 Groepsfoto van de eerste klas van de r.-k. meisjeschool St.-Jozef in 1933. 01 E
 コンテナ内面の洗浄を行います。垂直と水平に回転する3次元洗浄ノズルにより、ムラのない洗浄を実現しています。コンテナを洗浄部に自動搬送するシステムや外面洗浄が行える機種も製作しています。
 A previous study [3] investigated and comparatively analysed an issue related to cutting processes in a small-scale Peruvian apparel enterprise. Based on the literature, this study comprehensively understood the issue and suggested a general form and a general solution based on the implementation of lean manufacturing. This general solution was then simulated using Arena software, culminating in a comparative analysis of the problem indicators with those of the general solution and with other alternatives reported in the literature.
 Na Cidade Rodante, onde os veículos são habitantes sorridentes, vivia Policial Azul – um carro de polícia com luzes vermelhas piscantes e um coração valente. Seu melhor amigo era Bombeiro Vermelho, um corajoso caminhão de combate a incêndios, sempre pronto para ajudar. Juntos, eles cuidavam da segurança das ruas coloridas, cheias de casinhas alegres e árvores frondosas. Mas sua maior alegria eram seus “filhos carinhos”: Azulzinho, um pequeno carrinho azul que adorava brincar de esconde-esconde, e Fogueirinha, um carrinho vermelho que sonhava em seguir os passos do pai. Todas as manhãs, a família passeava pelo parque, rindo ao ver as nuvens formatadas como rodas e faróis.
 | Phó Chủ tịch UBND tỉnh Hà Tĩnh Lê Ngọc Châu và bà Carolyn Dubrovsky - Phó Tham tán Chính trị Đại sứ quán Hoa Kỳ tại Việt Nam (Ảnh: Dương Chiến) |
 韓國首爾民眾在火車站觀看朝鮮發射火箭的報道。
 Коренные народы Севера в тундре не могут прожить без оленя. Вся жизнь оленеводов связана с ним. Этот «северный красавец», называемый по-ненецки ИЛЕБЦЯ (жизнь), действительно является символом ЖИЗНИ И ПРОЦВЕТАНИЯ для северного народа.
·····
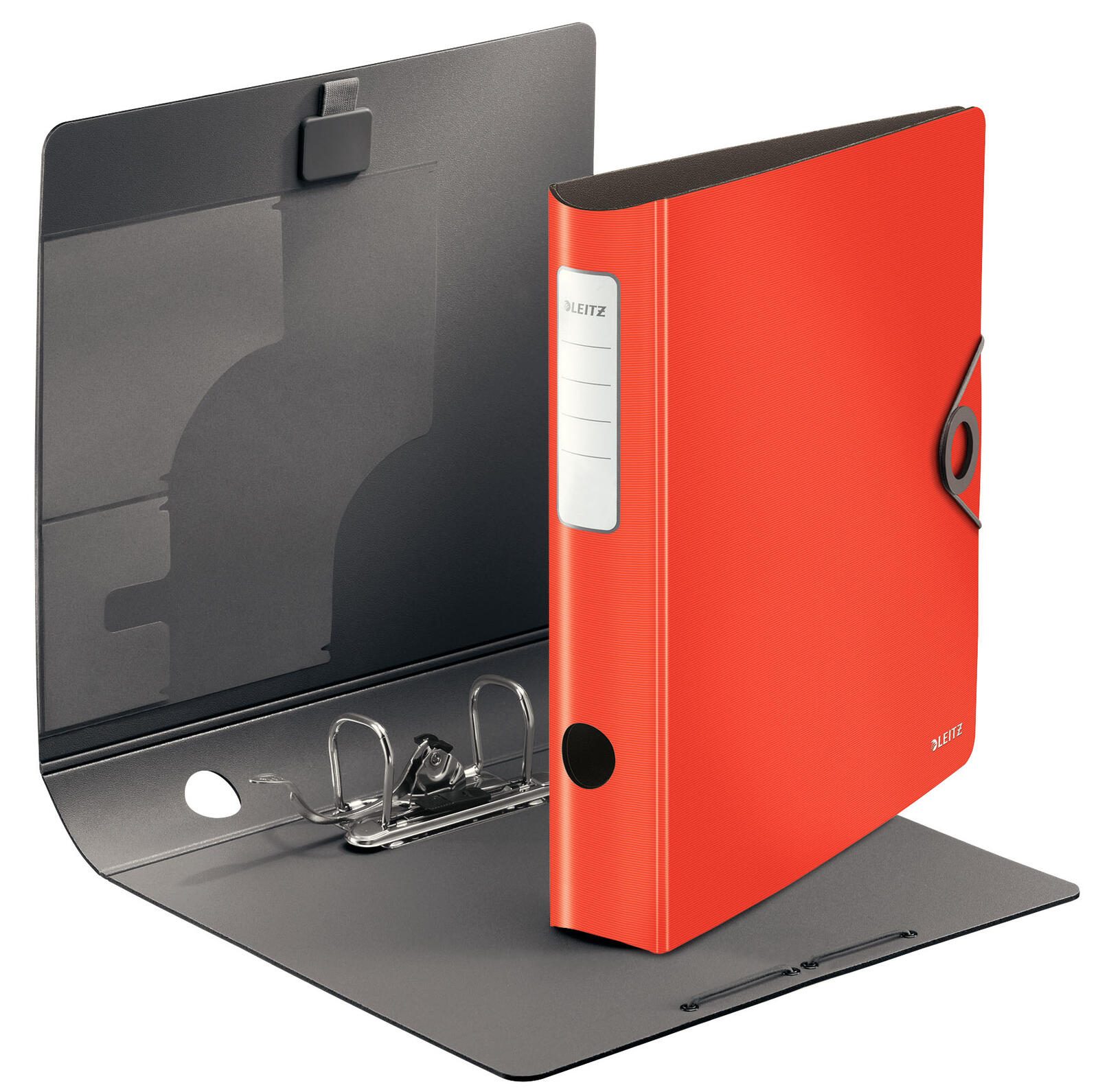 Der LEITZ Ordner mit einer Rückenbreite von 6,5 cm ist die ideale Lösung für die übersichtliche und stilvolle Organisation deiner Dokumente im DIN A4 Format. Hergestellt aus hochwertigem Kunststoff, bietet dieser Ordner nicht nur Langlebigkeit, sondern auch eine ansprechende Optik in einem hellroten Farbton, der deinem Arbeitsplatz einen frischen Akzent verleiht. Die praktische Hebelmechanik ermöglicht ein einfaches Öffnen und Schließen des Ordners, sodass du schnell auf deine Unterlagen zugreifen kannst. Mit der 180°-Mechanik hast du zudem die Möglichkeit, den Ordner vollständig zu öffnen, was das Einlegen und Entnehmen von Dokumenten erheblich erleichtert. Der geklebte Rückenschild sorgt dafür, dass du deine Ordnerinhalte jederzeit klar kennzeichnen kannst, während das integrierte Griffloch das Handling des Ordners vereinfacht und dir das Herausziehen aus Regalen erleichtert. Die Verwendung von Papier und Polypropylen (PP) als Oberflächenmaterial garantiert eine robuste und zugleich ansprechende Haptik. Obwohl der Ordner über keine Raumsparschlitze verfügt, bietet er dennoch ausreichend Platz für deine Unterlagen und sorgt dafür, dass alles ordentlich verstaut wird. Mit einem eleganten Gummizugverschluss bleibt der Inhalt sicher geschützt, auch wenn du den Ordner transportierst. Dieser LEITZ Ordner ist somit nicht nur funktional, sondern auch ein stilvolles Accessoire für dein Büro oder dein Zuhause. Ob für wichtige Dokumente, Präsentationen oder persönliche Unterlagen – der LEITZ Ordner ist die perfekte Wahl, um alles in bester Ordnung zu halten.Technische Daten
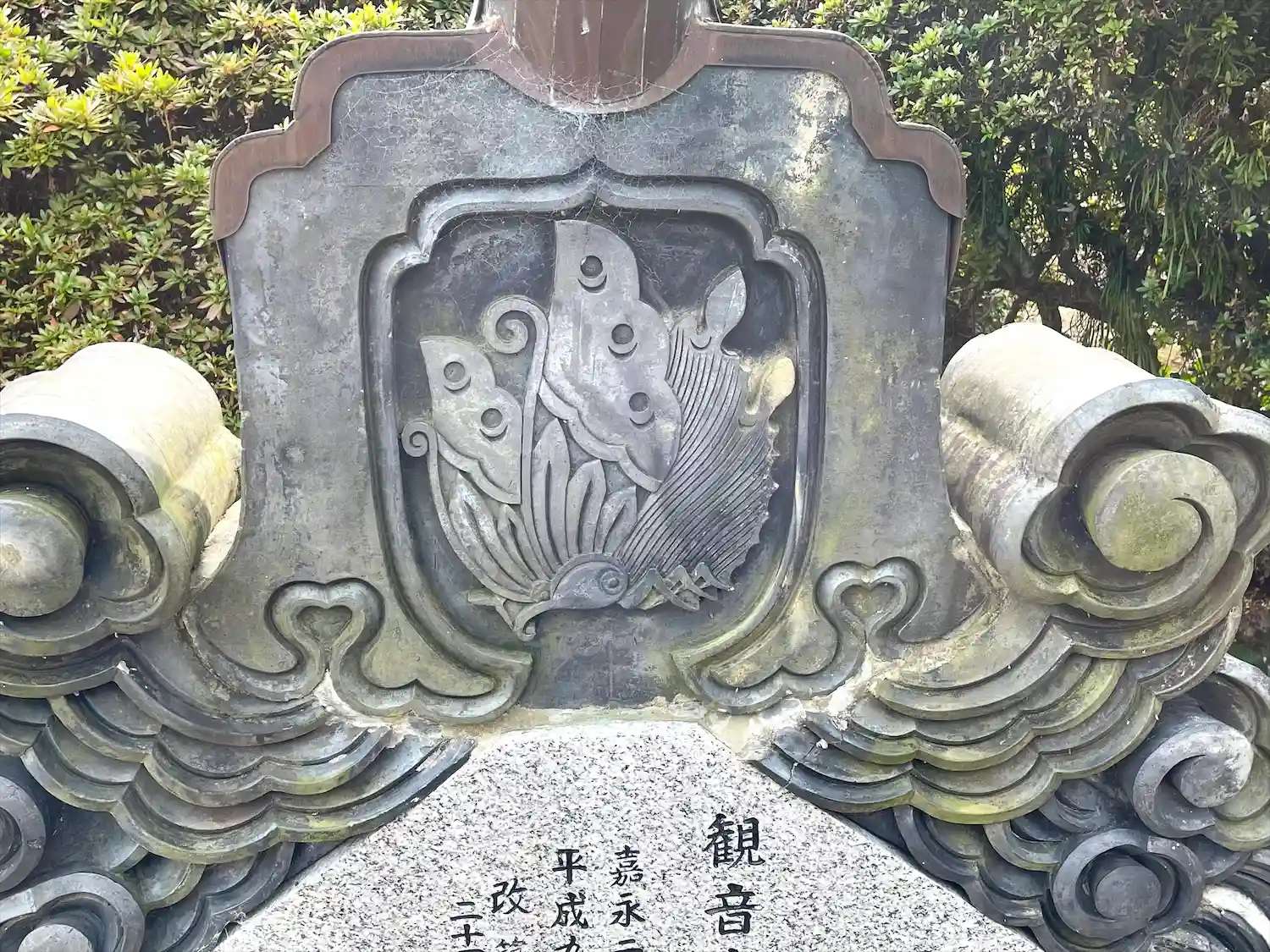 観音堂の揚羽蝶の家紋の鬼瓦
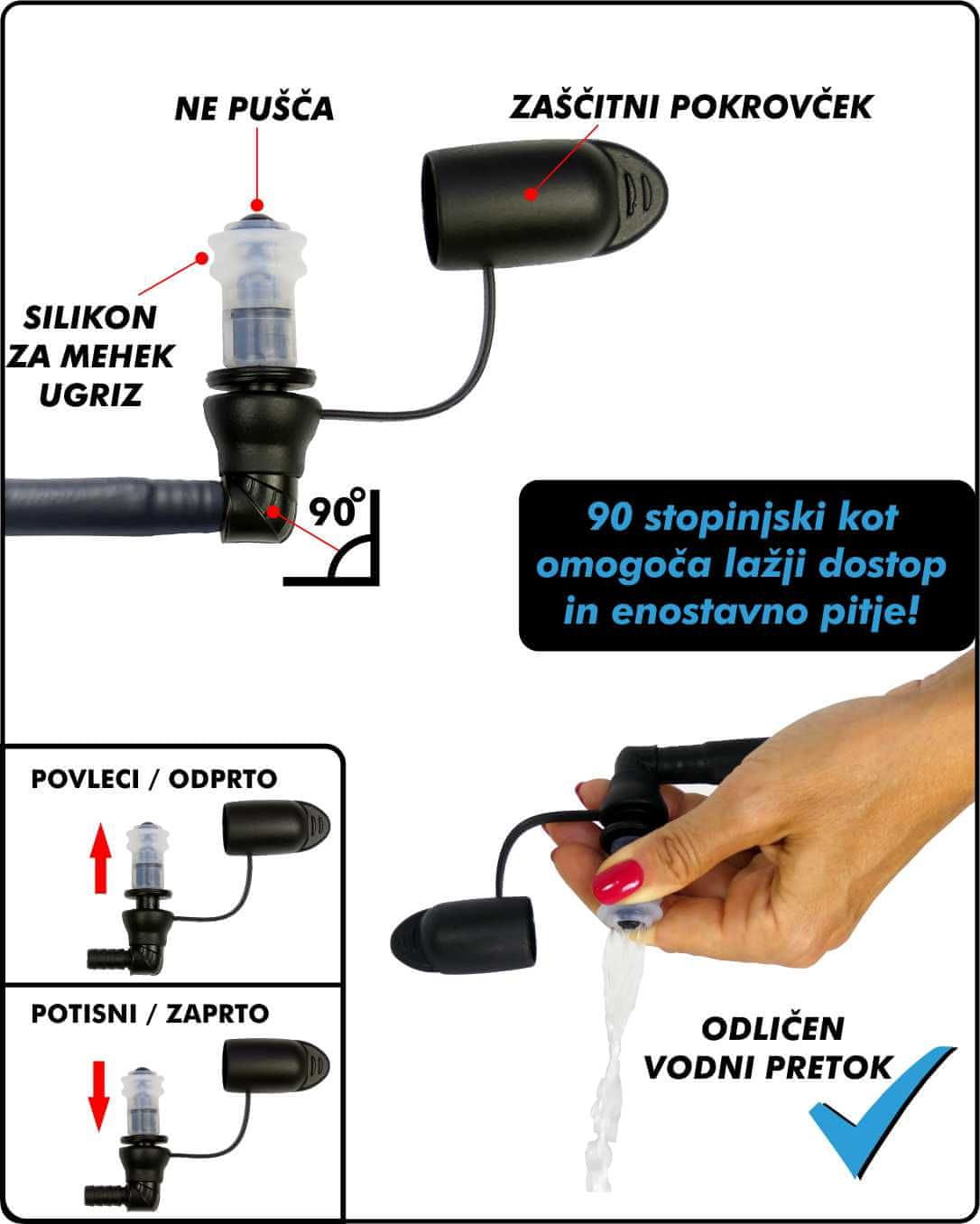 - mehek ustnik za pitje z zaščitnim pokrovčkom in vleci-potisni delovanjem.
·····
**Exercise objective**
Reproduce only the lines above, starting at the line with "Groepsfoto van de" and ending at the line with "A previous study", exactly as written.

**Result of the exercise**
 Groepsfoto van de eerste klas van de r.-k. meisjeschool St.-Jozef in 1933. 01 E
 コンテナ内面の洗浄を行います。垂直と水平に回転する3次元洗浄ノズルにより、ムラのない洗浄を実現しています。コンテナを洗浄部に自動搬送するシステムや外面洗浄が行える機種も製作しています。
 A previous study [3] investigated and comparatively analysed an issue related to cutting processes in a small-scale Peruvian apparel enterprise. Based on the literature, this study comprehensively understood the issue and suggested a general form and a general solution based on the implementation of lean manufacturing. This general solution was then simulated using Arena software, culminating in a comparative analysis of the problem indicators with those of the general solution and with other alternatives reported in the literature.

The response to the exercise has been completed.